3. Check the ops switches in the DSC100 to make sure they are set right
4. I believe their is a lock CV on some decoder so you do need to check that. 
5. Make sure you can control the loco on the mains so you know for sure that the decoder is responding and what its address is
6. With the loco on the programming track, does decoder pro recognize it

Does this lack of recognizing the programming track happen with all the loco's or just one? 

I did notice that the DSC100 can be set to use the "Programming track" as an automated deceleration track, just another feature they throw in to add more confusion, but could turn out to be a big benefit for some. You might check to make sure that ops switch in the DSC100 is not on!


----------



## ddixoncint1 (Aug 31, 2016)

Thanks for your comments. #6 above is the problem. 
A back ground story.
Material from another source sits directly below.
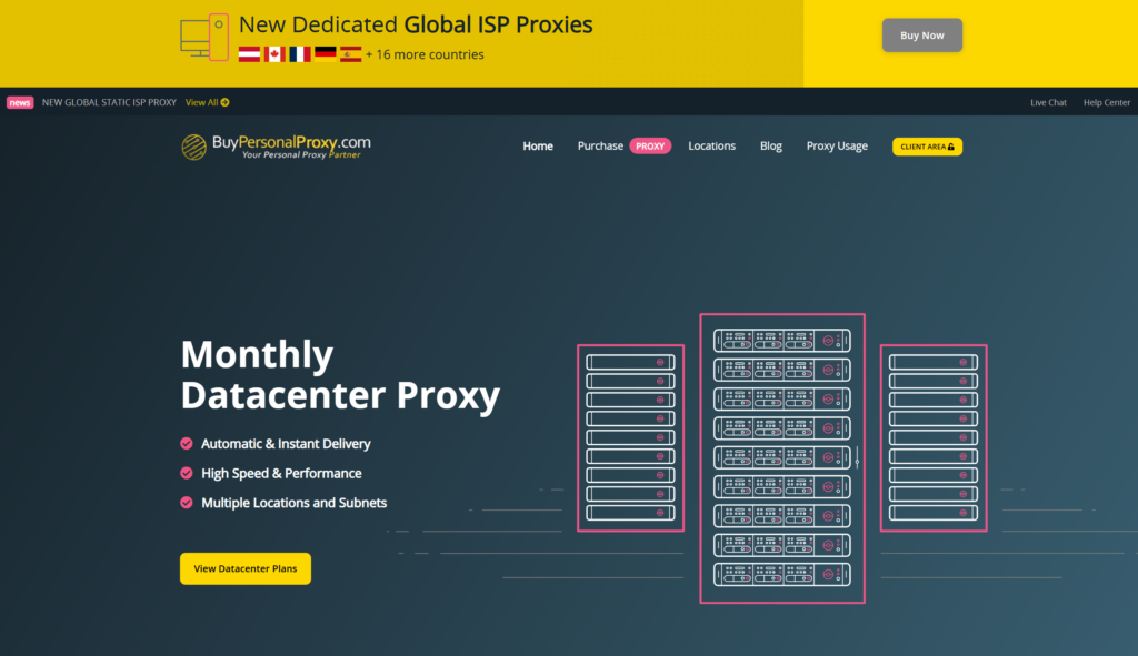 Key features: Dedicated IPv4 proxies, monthly and daily plans, quick activation, simple billing. Accurate datBuyPersonalProxy says pricing starts at $1.29 per proxy per month on the 1,000 proxy plan, with delivery in around five minutes after payment confirmation. Pros: Cheap dedicated pricing, straightforward setup, good fit for focused tasks on a budget. Cons: The headline price is tied to higher-volume purchases, so very small buyers may see a higher effective cost per IP.

For several years, I belonged to a module group which was set up using Digitrax only. Before I converted to DCC, I had to make the decision of which manufacturer to go with . I chose Digitrax because of its history in the hobby and the amount of documentation there was. Things have changed. Tony's trains use to sell a special decoder that would work with SW-9 and SW-12 (if I am getting my numbers correctly ) But no more. 
Again I apologize for rambling on.
I never thought about trying to use the throttle in decoder pro. That will be my weekend project. Will let you know when this all works out. 

Sent from my SM-G900V using Tapatalk


----------



## Lemonhawk (Sep 24, 2013)

using a DecoderPro throttle was how I checked out the computer interface. If that works and you still can't get to the loco on the programming track then you could try a different Loco and try too isolate if its the loco or something in the Digitrax system.


----------



## Cycleops (Dec 6, 2014)

If you're finding it just too difficult to get along with just sell it as @Chip suggests and buy something a bit more user friendly. Little point in labouring on with something which doesn't work the way you want it to.


----------



## Lemonhawk (Sep 24, 2013)

Did you try the Digitrax forum for help? You can also call them and they will attempt to help.


----------



## Chip (Feb 11, 2016)

CTValleyRR said:


> I'm with Lemonhawk. I don't use Digitrax, because personally I find it too fiddly, but there are lots of folks here who swear by it. I wonder where they are?


They usually swoop in and pontificate brilliantly, resolving the difficulties in a jiffy. The features they explain are enough to make me want to switch to "Digi" but then another thread like this pops up.

I feel bad for the man, I agonized over which system to get and chose the one NOBODY was dedicating entire threads to the problems it had.


----------